Shared-memory concurrent programming and verification traditionally assumes Sequential Consistency, but real-world hardware only provides relaxed consistency models. Furthermore, the consistency models of different hardware architectures vary widely and have often been poorly defined, while programming language models (aiming to abstract from hardware details) are different again. The IBM Power line of multiprocessors has long been recognized to have one of the most complex and subtle memory consistency models, and ARM multiprocessors have a broadly similar model. Together, they directly inspired features of the new C/C++ concurrency model in ISO C/C++11. However, it was an open question among the ISO concurrency committee whether the model even made sense, or could be implemented.

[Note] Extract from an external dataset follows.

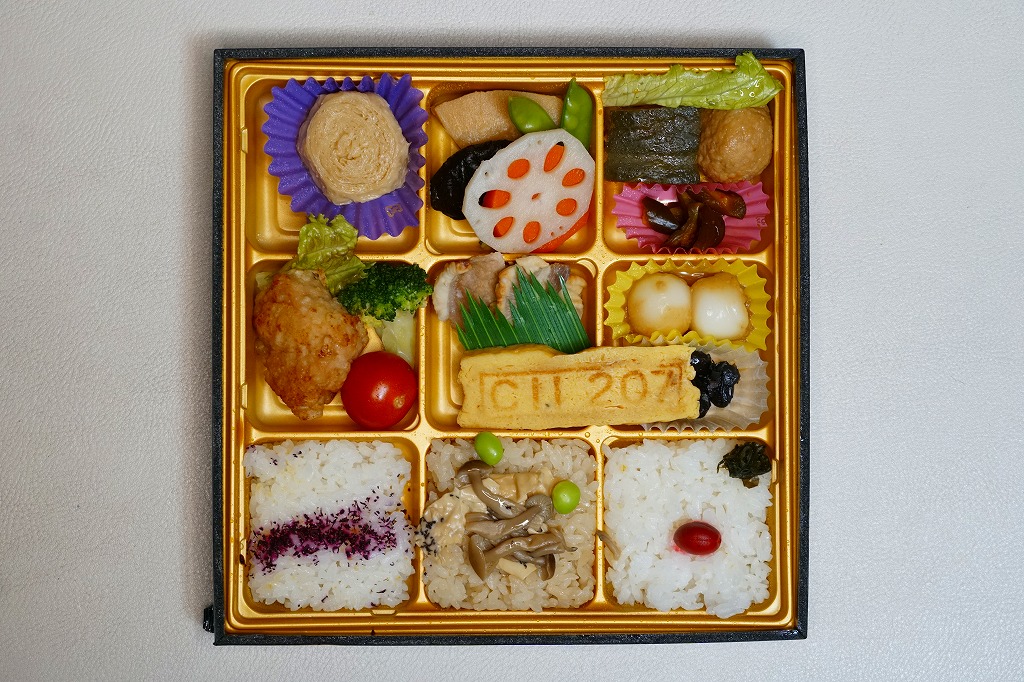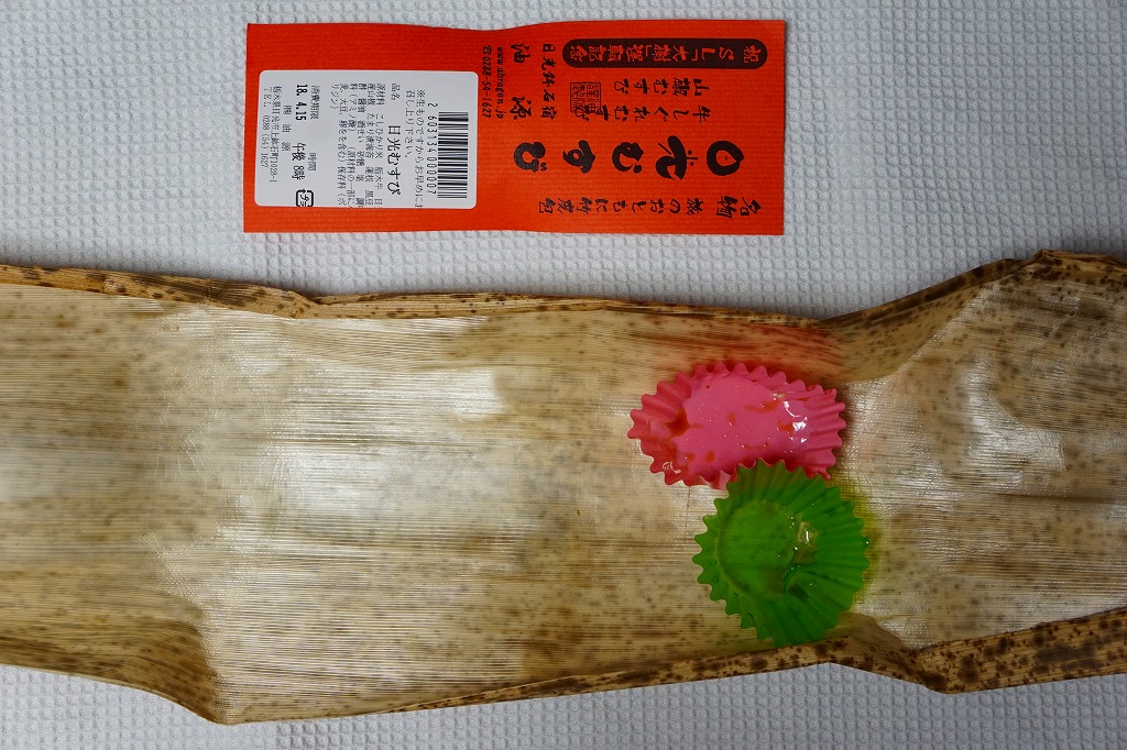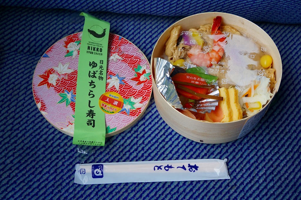 木を紙で補強した正方形のエコ容器に発泡材のふたをして、鷲のような風呂敷で包む。これに酢飯を詰め、ゆば巻きの炙りを据え、たけのこ、にんじん、小海老揚げ、ダイズチーズ、れんこん、しいたけ、かんぴょう、枝豆、卵そぼろ、桜でんぶ、ごまを散らし、おはぎを添える。ちらしずしであることを考えても、見栄えはもう一息に思えるが、これで日光と栃木を感じ取ってもらえただろうか。
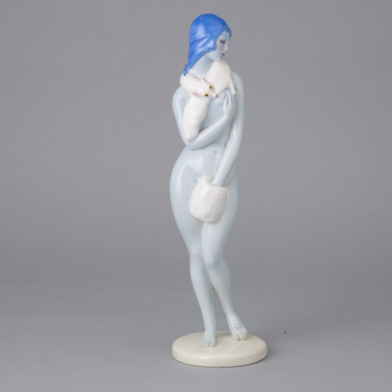 Figura femminile con manicotto e sciarpa in pelliccia in terraglia a colaggio con decoro policromo.

I will describe my work in devising mathematically precise abstract models for ARM and Power multiprocessors, which has shed light on hitherto unknown programmer-observable behaviour. The model was developed based on extensive experiments and on discussion with IBM and ARM architects; it is expressed as an abstract machine, abstracting as much as possible (but no more) from microarchitectural implementation details.
I will also describe proofs that show that a recommended implementation strategy for C/C++11 concurrency to Power is sound. All compilers will have to implement such a strategy, and furthermore, all have to agree on a common strategy for linking to be sound. This proof builds confidence in both models, and also provides insight into how the two very different models really work.